Widząc jak spojrzenie Alicji tężeje, Natalia porzuciła
ostatecznie nadzieję na zrozumienie tej kwestii i postanowiła ugryźć zagadnienie z
innej strony.
- Jak duży?
- Za duży.
- Ale bardziej jak wizytówka, czy.. jak.. – zamyśliła się –
jak dłoń?
- Jak kurwa dłoń ale taka dłoń na pół pleców.
- Acha.
Natalia zaczynała wpadać w panikę. Wiele scenariuszy
przerobiła w głowie, idąc na to spotkanie. Scenariuszy, wydawało jej się, że najgorszych. Co powie, jeśli on będzie nieuleczalnie chory, albo bez nogi? Ze
sztuczną szczęką, albo uzależniony od kokainy? Co jeśli siedział w więzieniu,
jest bezdomny, albo waży dwieście kilo? Ale tatuaż klubu piłkarskiego był
wyzwaniem rzuconym nie tylko tolerancji i poczuciu estetyki. Był wyzwaniem
rzuconym postrzeganiu rzeczywistości. Nie
wyciągaj pochopnych wniosków – skarciła się w myślach – ciągle jest
szansa, że jest inteligentny. Przecież ten świat to jeden wielki melanż niespodzianek
i wyjątków od wszelkich reguł.
- No doooobra.. – podniosła kubek w geście toastu – to teraz dla odmiany coś dobrego.
Alicja zamyśliła się niebezpiecznie.
- Otwiera mi zawsze drzwi – wzruszyła ramionami po dłuższej chwili i znowu zamilkła, a Natalia, która czekała na ciąg dalszy, nagle poczuła znów fale gorąca, bo zrozumiała, że dalszego ciągu nie będzie. Zapadło znów niewygodne milczenie, przerywane jedynie siorbaniem.

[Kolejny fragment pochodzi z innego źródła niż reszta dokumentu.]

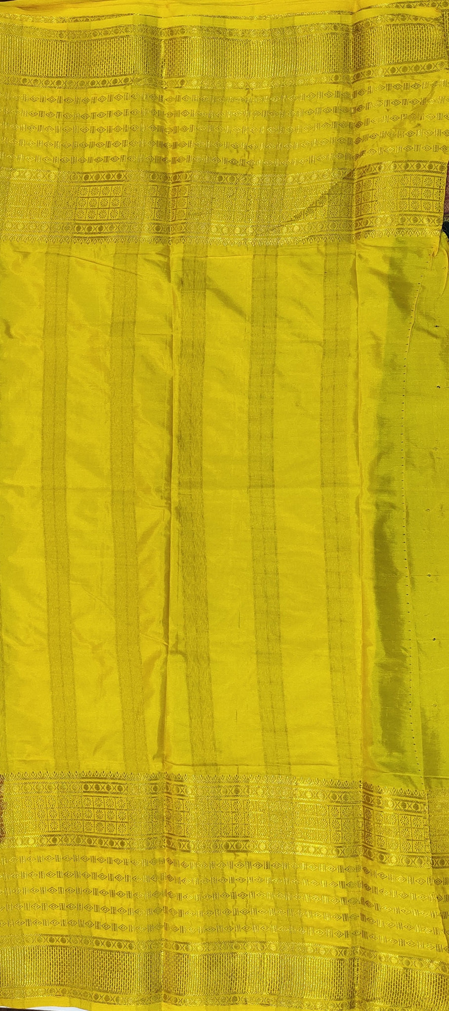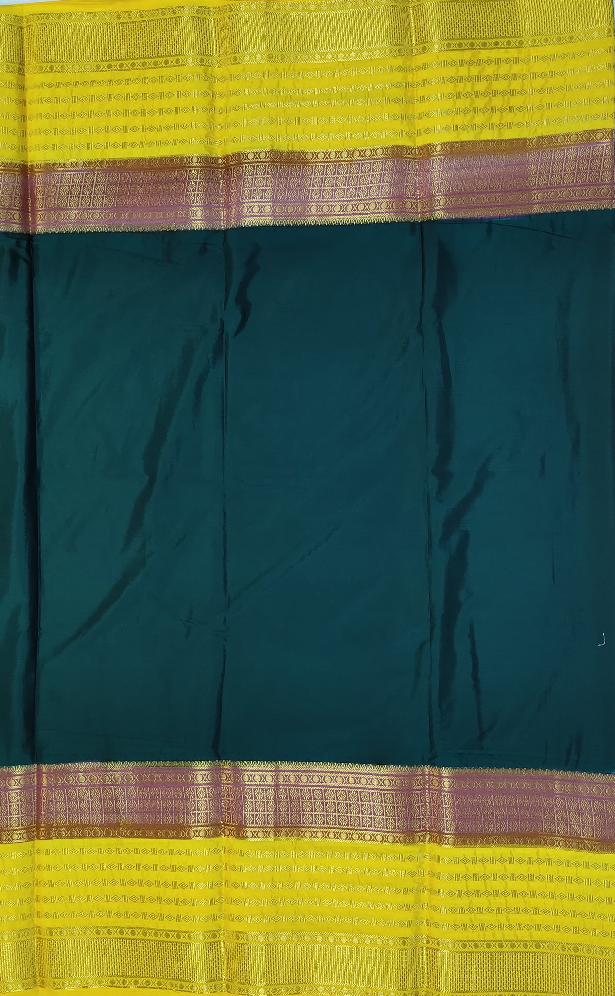 Elevate your wardrobe with this Semi Mysuru Crepe Saree, featuring a striking 3D contrast border and pallu that add depth and elegance to its drape. Paired with a matching blouse, this saree combines traditional craftsmanship with contemporary style, making it perfect for formal occasions or refined celebrations. The crepe fabric ensures a graceful fall and comfortable wear throughout the day.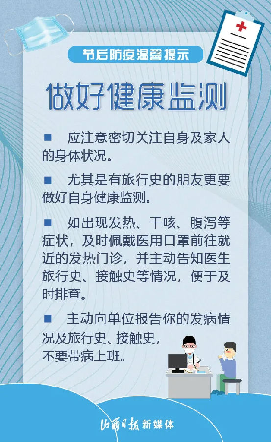 轻伤不下“火线”,小病从不就医,相信不少人都曾有过这样的经历。8天小长假卸下了身上的疲惫,也容易卸下对疫情防控的警备,对此,疾控部门提醒:节后有这类症状的人一定不要硬“扛”,不要带病上班、上学。

– Też w samochodzie – dodała po chwili Alicja i
obie pokiwały głowami, jakby chciały tym kiwaniem podpompować nieco rangę tego
doniesienia.
Czy to możliwe, żeby desperacja rosła aż tak hiperproporcjonalnie
do wieku? Czy jest takie oficjalne prawo psychiczne? Natalia, która się nie
lubiła okłamywać, zadrżała. Czy dopiero w oczach koleżanki można zobaczyć to,
co normalnie przelatywało przez coraz rzadsze sito ich wymagań?
- Ja chyba go traktuję jak takie zadanie specjalne. Może nie
karę – Alicja otworzyła się niespodzianie – ale bardziej taki sprawdzian
własnej tolerancji. Myślę, że to każdemu by się przydało tak naprawdę.

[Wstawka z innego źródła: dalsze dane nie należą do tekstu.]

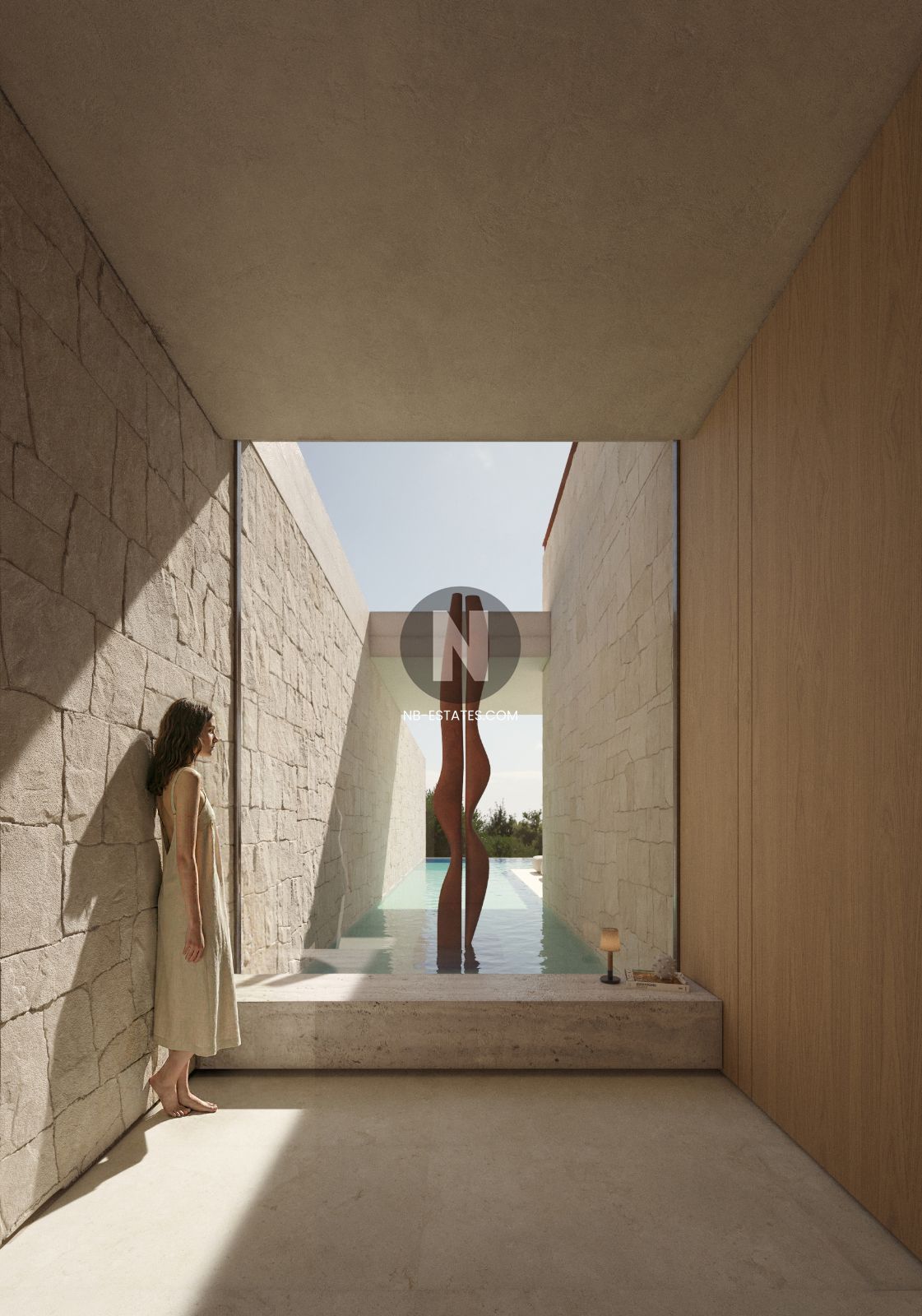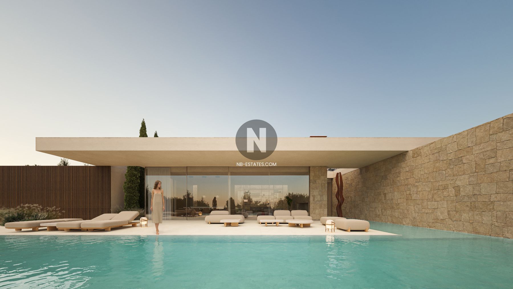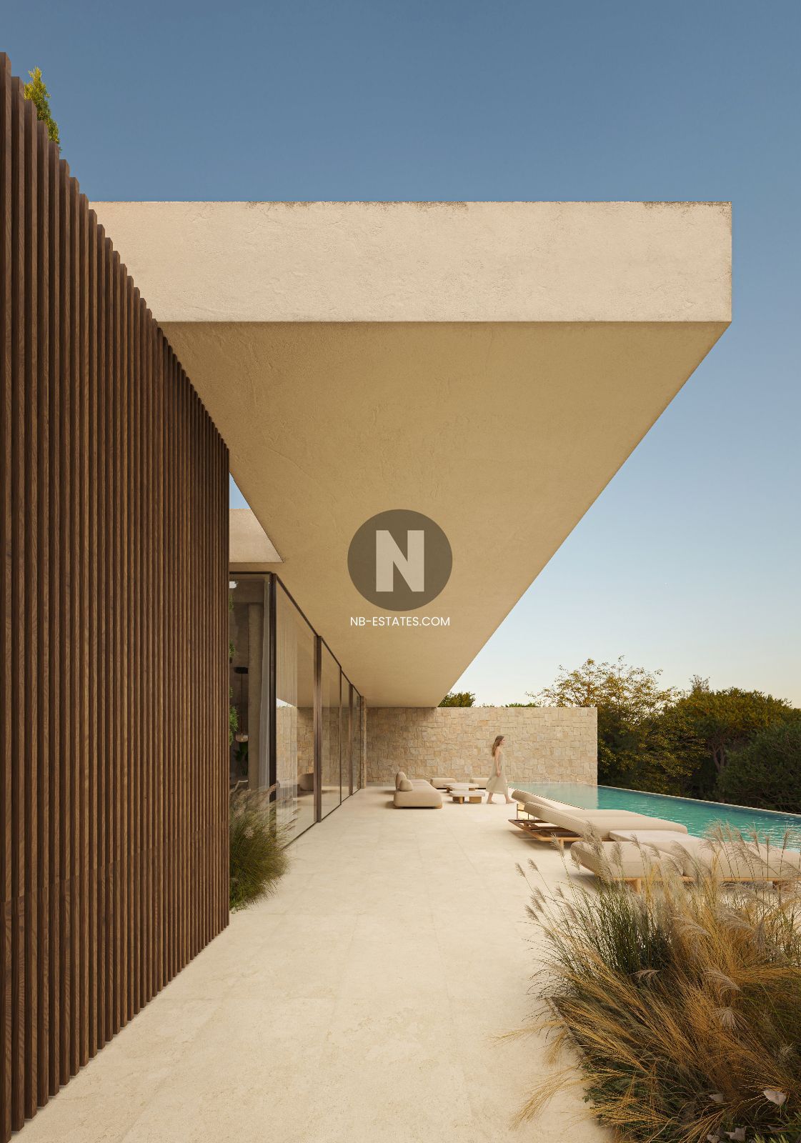 La villa ha sido diseñada para aprovechar al máximo la conexión entre interior y exterior. Los grandes ventanales permiten una entrada abundante de luz natural y crean una transición fluida hacia las terrazas y la zona de piscina. La piscina infinity ofrece vistas abiertas al entorno, aportando una sensación de amplitud y tranquilidad.

Ocho – pomyślała Natalia – droga ku prawdzie
wiedzie doprawdy przez najniezwyklejsze meandry samorozgrzeszającego bullshitu.

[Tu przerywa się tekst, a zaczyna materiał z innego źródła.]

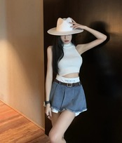 ホットガール偽ツーピーススプライシングデニムスカート女性の春スリム超ショートスカートプリーツスカート編生エッジスカート スプリング 春物 092199287830282

- Wiesz, dużo się mówi o tolerancji w naszych czasach, ale
tak naprawdę to nic nie znaczy – Alicja ugruntowywała się w swojej teorii.
– Łatwo jest niby tolerować rzeczy, które de facto popieramy, albo nam nie
przeszkadzają. Ale prawdziwa, trudna, pełna wyrzeczeń tolerancja zaczyna się
wówczas, gdy dajesz prawo do istnienia ludziom, którzy wiesz, że pewnych rzeczy
nie kumają. Kiedy pozwalasz im opowiadać jakieś bzdety, albo gorzej, koszmarne
jakieś teorie i kusi cię, żeby im jakoś pomóc, ale wiesz, że nie wolno. Kiedy
na każdym kroku musisz gryźć się w język, żeby im nie tłumaczyć, nie
wyprowadzać z błędu, bo przecież i tak nie zrozumieją, jeśli nie są gotowi - Alicja
sapnęła z niekłamanym poczuciem utrapienia i pokręciła głową. – Naprawdę, mówię
ci, czuję, że to mnie jakoś wewnętrznie buduje, jakoś mnie uszlachetnia – rozpędzała się – że nie próbuję go naprawiać,
tylko go akceptuję z tym ciasnym umysłem.
- Faktycznie, prawdziwa tolerancja – Natalia podniosła
kawowy toast po raz drugi i przyjrzała się koleżance, której rumieńce oblały
oblicze z podekscytowania. – Miałaś rację, że ten jest inny.
- No! – ucieszyła się Alicja. – Mówiłam ci.